Task description ▸ The lines to extract begin at the line that contains "正在施工的羊臺(tái)新村機(jī)械立體車庫。" and run through the last line of the listing; reproduce them exactly, minus any pictures.
Provided data START
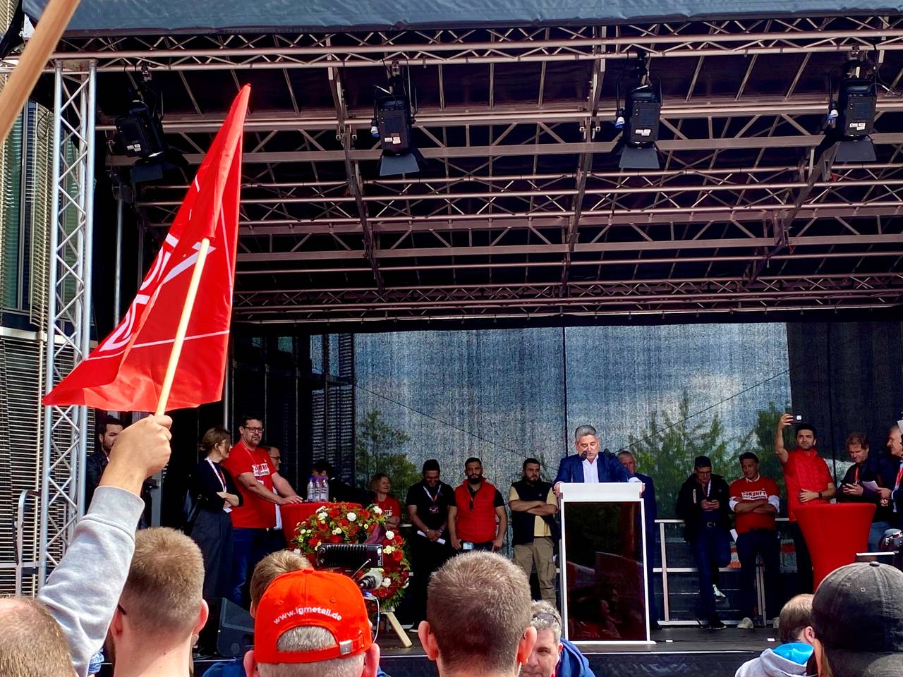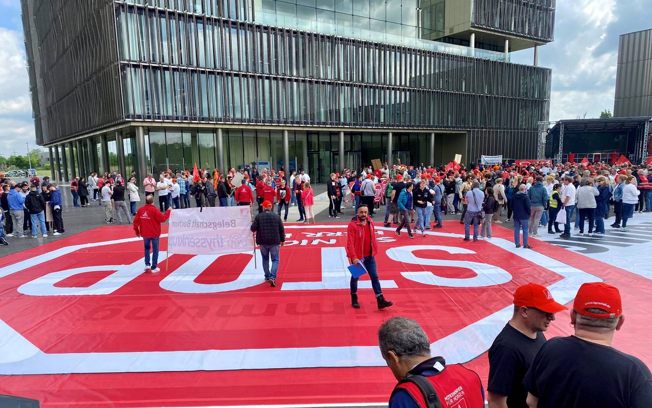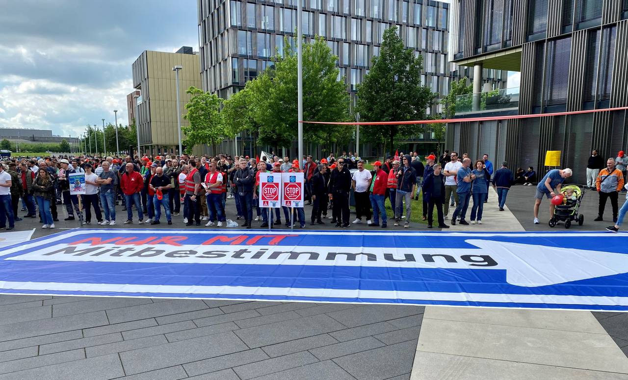 In Essen war am Donnerstag (23. Mai) Aufsichtsratssitzung bei der thyssenkrupp AG im Westviertel. Da sollten weitere Entscheidungen fallen, wie es mit dem Konzern weitergeht. Schon vor Wochen hat Konzernchef Miguel López Einschnitte in der Stahlproduktion angekündigt. Was das aber genau für die Beschäftigten bedeutet, darüber gab es keine genauen Aussagen. Die Stahlkocher sind deshalb sauer und sind auf die Straße gegangen. 5000 Beschäftige von thyssenkrupp versammelten sich am Vormittag vor der Zentrale. Die Gewerkschaft IG Metall hatte zum Protest aufgerufen. Am Vormittag hat sich auch der Konzernchef den Beschäftigten gestellt und erklärt, was sie von ihm erwarten können. Die Kundgebung ging von 11 bis 13 Uhr. Das die Bilder von der thyssenkrupp-Demo.
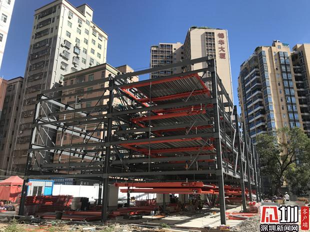 正在施工的羊臺(tái)新村機(jī)械立體車庫。
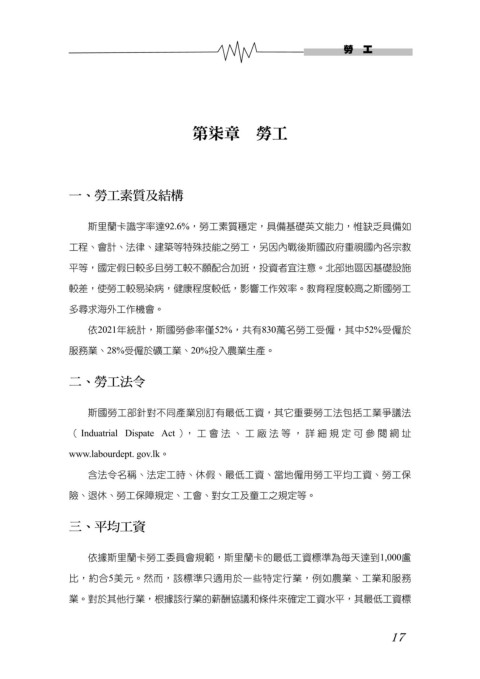 斯里蘭卡識字率達92.6%,勞工素質穩定,具備基礎英文能力,惟缺乏具備如
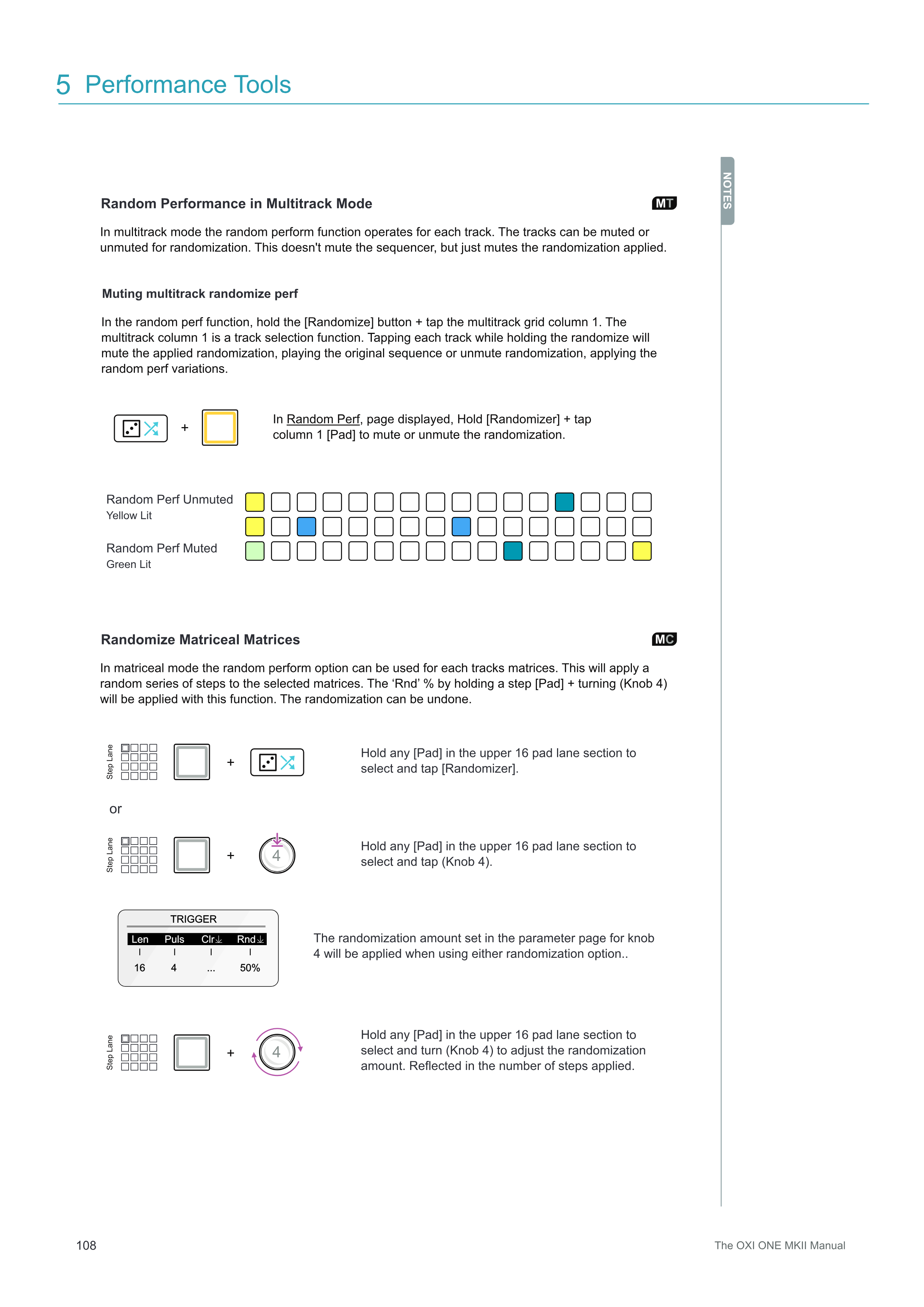 Matricealモードでは、random performオプションを各トラックのマトリクスに使用できます。これにより、選択したマトリクスにランダムな一連のステップが適用されます。ステップ[Pad]を押しながら(Knob 4)を回すことで設定される「Rnd」%がこの機能で適用されます。ランダム化は元に戻すことができます。
Provided data END
Result below ▸
 正在施工的羊臺(tái)新村機(jī)械立體車庫。
 斯里蘭卡識字率達92.6%,勞工素質穩定,具備基礎英文能力,惟缺乏具備如
 Matricealモードでは、random performオプションを各トラックのマトリクスに使用できます。これにより、選択したマトリクスにランダムな一連のステップが適用されます。ステップ[Pad]を押しながら(Knob 4)を回すことで設定される「Rnd」%がこの機能で適用されます。ランダム化は元に戻すことができます。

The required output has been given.